U.S. Exchanges Scrap Crypto ETF Options Caps, Unlocking Institutional Trading Scale
NYSE completed the industry-wide removal of position limits on spot crypto ETF options, potentially lifting caps from 25,000 to 250,000+ contracts.

NYSE Arca and NYSE American scrapped the 25,000-contract position and exercise limits on options tied to 11 spot bitcoin and ether ETFs on Saturday, completing an industry-wide overhaul that began when crypto ETF options first launched just 16 months ago.
The SEC waived its standard 30-day review period, allowing the rule changes to take effect immediately. The agency retains a 60-day window to suspend the rules if further review is warranted, and public comment periods remain open until April 13.
The caps, introduced in November 2024 as a precautionary measure when crypto ETF options debuted, had capped positions at 25,000 contracts per trader. Under the new framework, limits for those products will follow each exchange's standard rules, specifically Exchange Rule 904, Commentary .07, which allows large, liquid ETFs to qualify for limits of 250,000 contracts or more based on trading volume and shares outstanding. The change also removes restrictions that had prevented these products from trading as FLEX options, the customizable contracts institutional traders use to tailor strike prices and expiration dates.

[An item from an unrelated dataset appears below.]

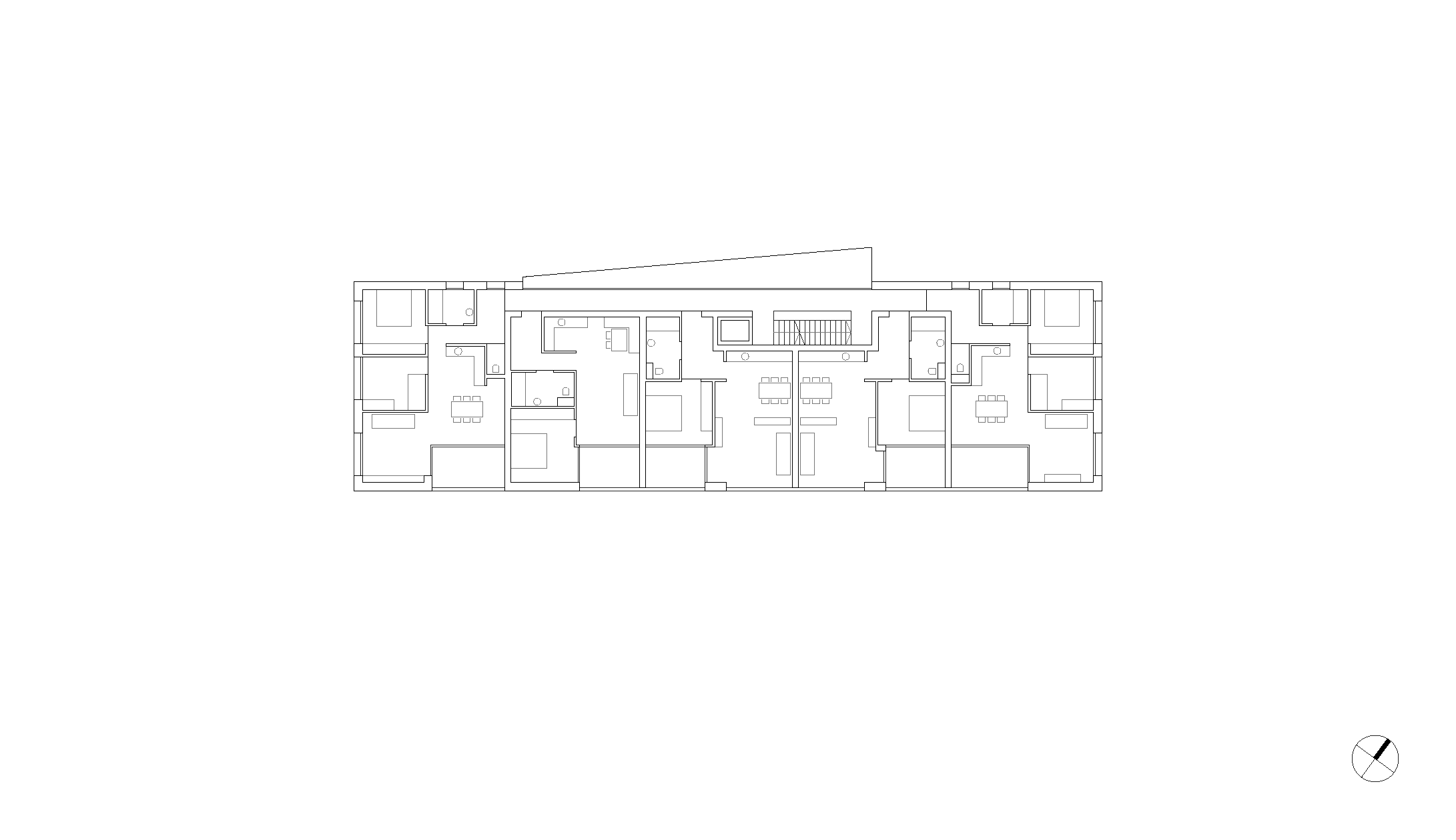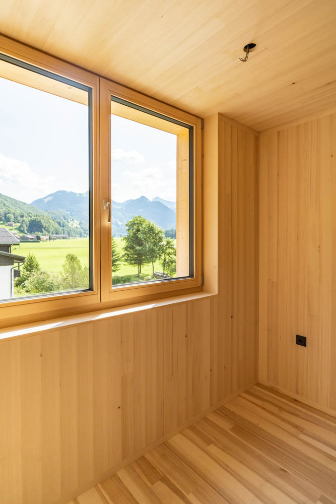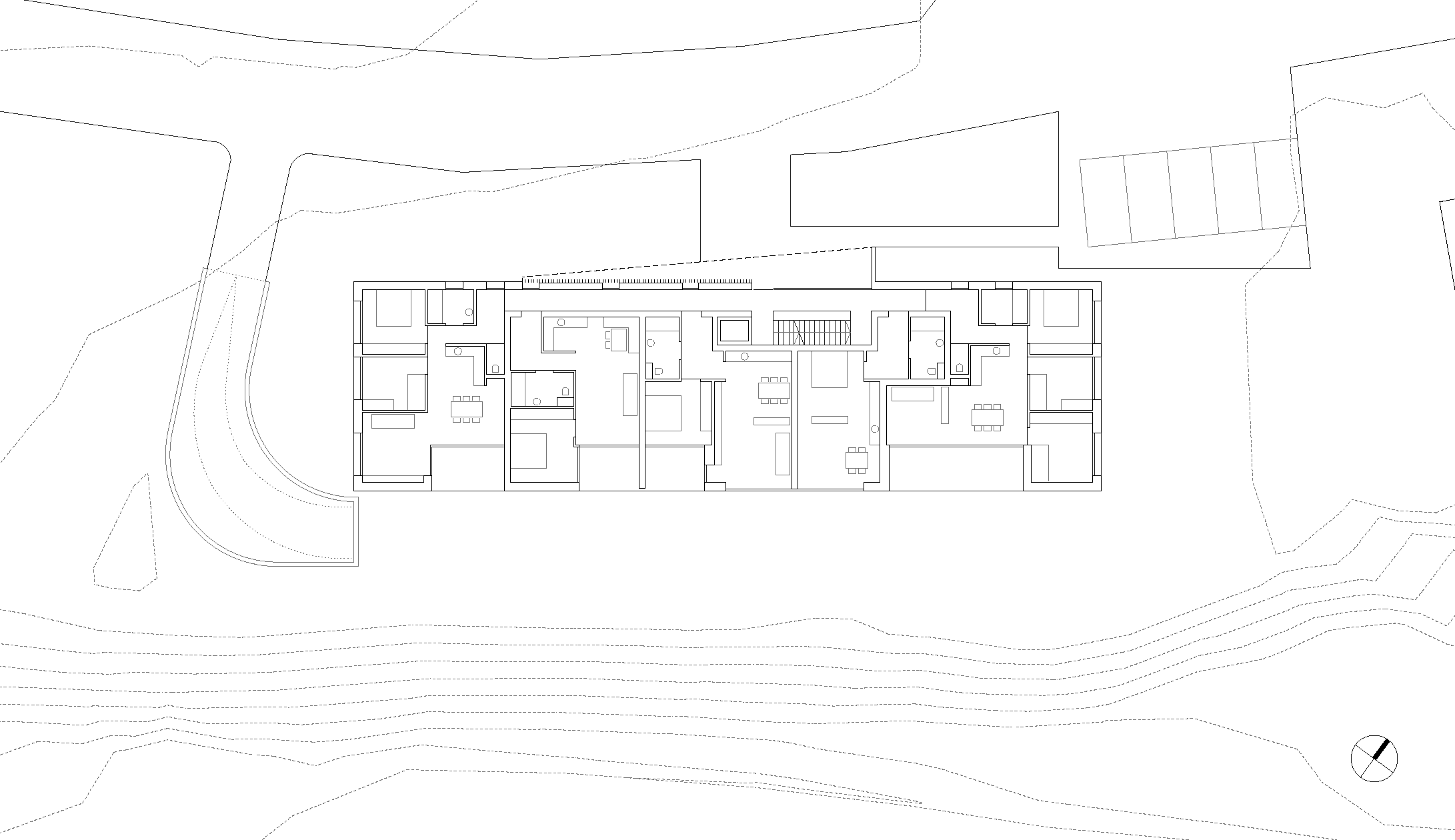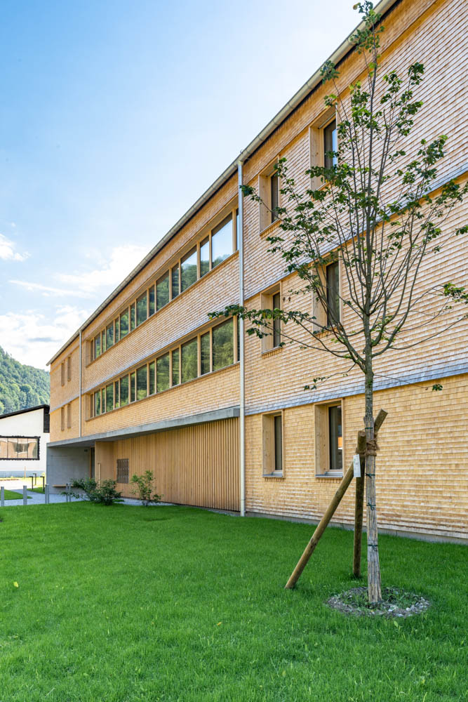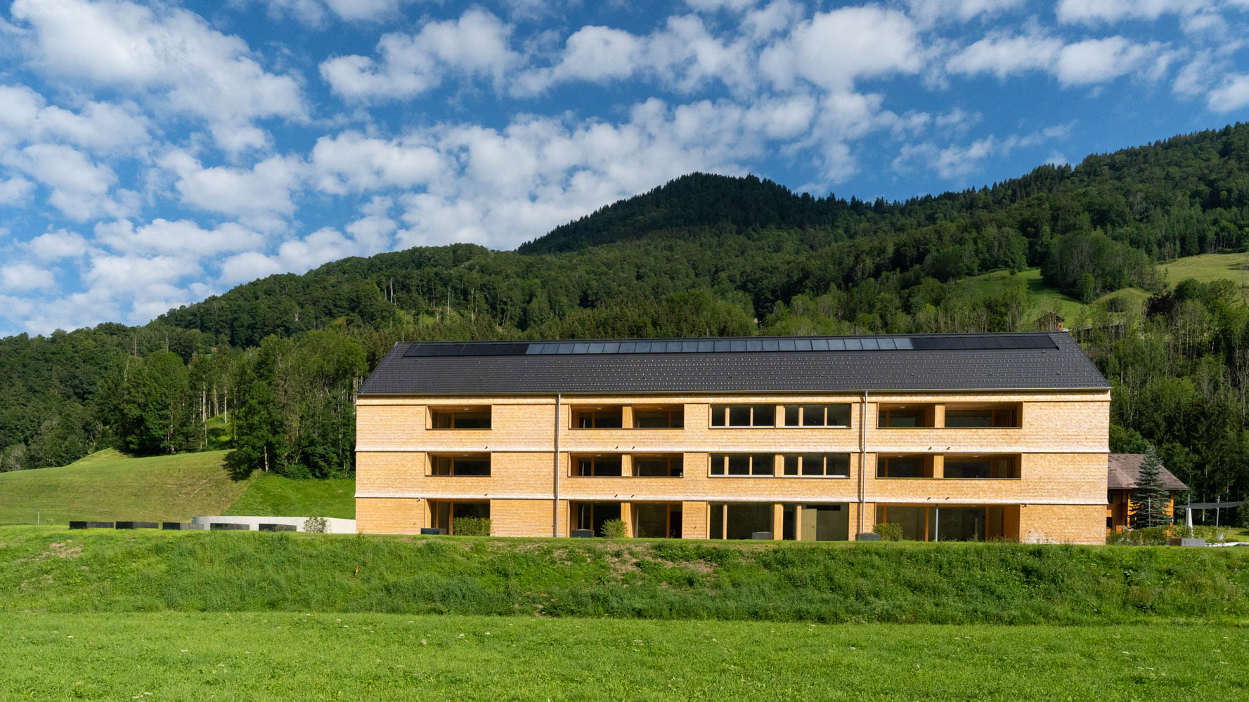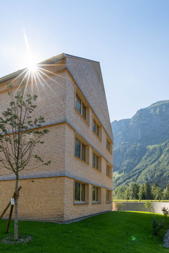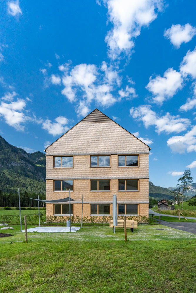 Das dreigeschossige Wohnhaus wird von Nordwesten betreten. Ein übersichtlich gestalteter Eingangsbereich führt zum großflächig von Licht durchfluteten Erschließungssystem, das alle Stockwerke barrierefrei miteinander verbindet. Im Osten des Grundstückes ist die Rampe zur Tiefgarage angelegt, im Untergeschoss befinden sich auch private Kellerabteile und die Technikräume. Um gemeinsamen Lebensraum für Familien, Paare wie auch Alleinstehende zu schaffen, wurden individuell nutzbare 1- bis 4-Zimmer-Einheiten konzipiert. Alle Wohnungen verfügen über private Terrassenbereiche oder großzügig dimensionierte Loggien, die sich nach Südosten zum markant aufragenden Bergmassiv der Kanisfluh öffnen.

The affected products span the major crypto ETF sponsors: BlackRock's iShares Bitcoin Trust (IBIT), Fidelity's Wise Origin Bitcoin Fund, the ARK 21Shares Bitcoin ETF, Grayscale's Bitcoin Trust ETF and Bitcoin Mini Trust ETF, Grayscale's Ethereum Trust ETF and Ethereum Mini Trust ETF, the Bitwise Bitcoin ETF, the Bitwise Ethereum ETF, the iShares Ethereum Trust ETF, and the Fidelity Ethereum Fund.
NYSE was the final piece of a broader regulatory transition. Nasdaq ISE and Nasdaq PHLX filed to remove the same caps in January 2026, followed by MIAX in January, MEMX in February, and Cboe in March. With NYSE's action, every major U.S. options exchange has now completed the shift. Nasdaq argued in its filing that lifting the limits would allow crypto ETF options to be treated "in the same manner as all other options that qualify for listing," eliminating what it described as unequal treatment without undermining investor protections. The SEC, in reviewing the NYSE proposals, noted they raised no novel regulatory concerns, pointing to identical changes already operative at rival exchanges.
The commercial case for removing the caps was visible from the start. When IBIT options launched under the 25,000-contract constraint, Bloomberg senior ETF analyst Eric Balchunas noted the product generated nearly $1.9 billion in notional exposure on its first trading day. "$1.9b is unheard of for Day One," Balchunas said. "For context, $BITO did $363m and that's been around for four years. And also this is with 25,000 contract position limits. That said, $1.9b isn't quite big dog level yet tho, eg $GLD did $5b today, but give it a few more days/weeks."

The derivative market expansion comes against a backdrop of sustained institutional demand in the underlying spot market. Spot bitcoin ETFs have attracted more than $2 billion in weekly inflows recently, with BlackRock's IBIT accounting for roughly $1.7 billion of that total, even as one week saw a combined outflow of $349 million. Bitcoin has held near $70,000 through the volatility.
One further escalation remains pending. A separate proposal to raise the IBIT-specific options position limit to 1 million contracts is still awaiting SEC approval, a figure that would place BlackRock's bitcoin fund among the most actively traded derivatives vehicles in U.S. markets. Whether the SEC acts on that proposal within the existing 60-day suspension window for the current changes will be the next marker for how far regulators are prepared to normalize crypto as a mainstream asset class.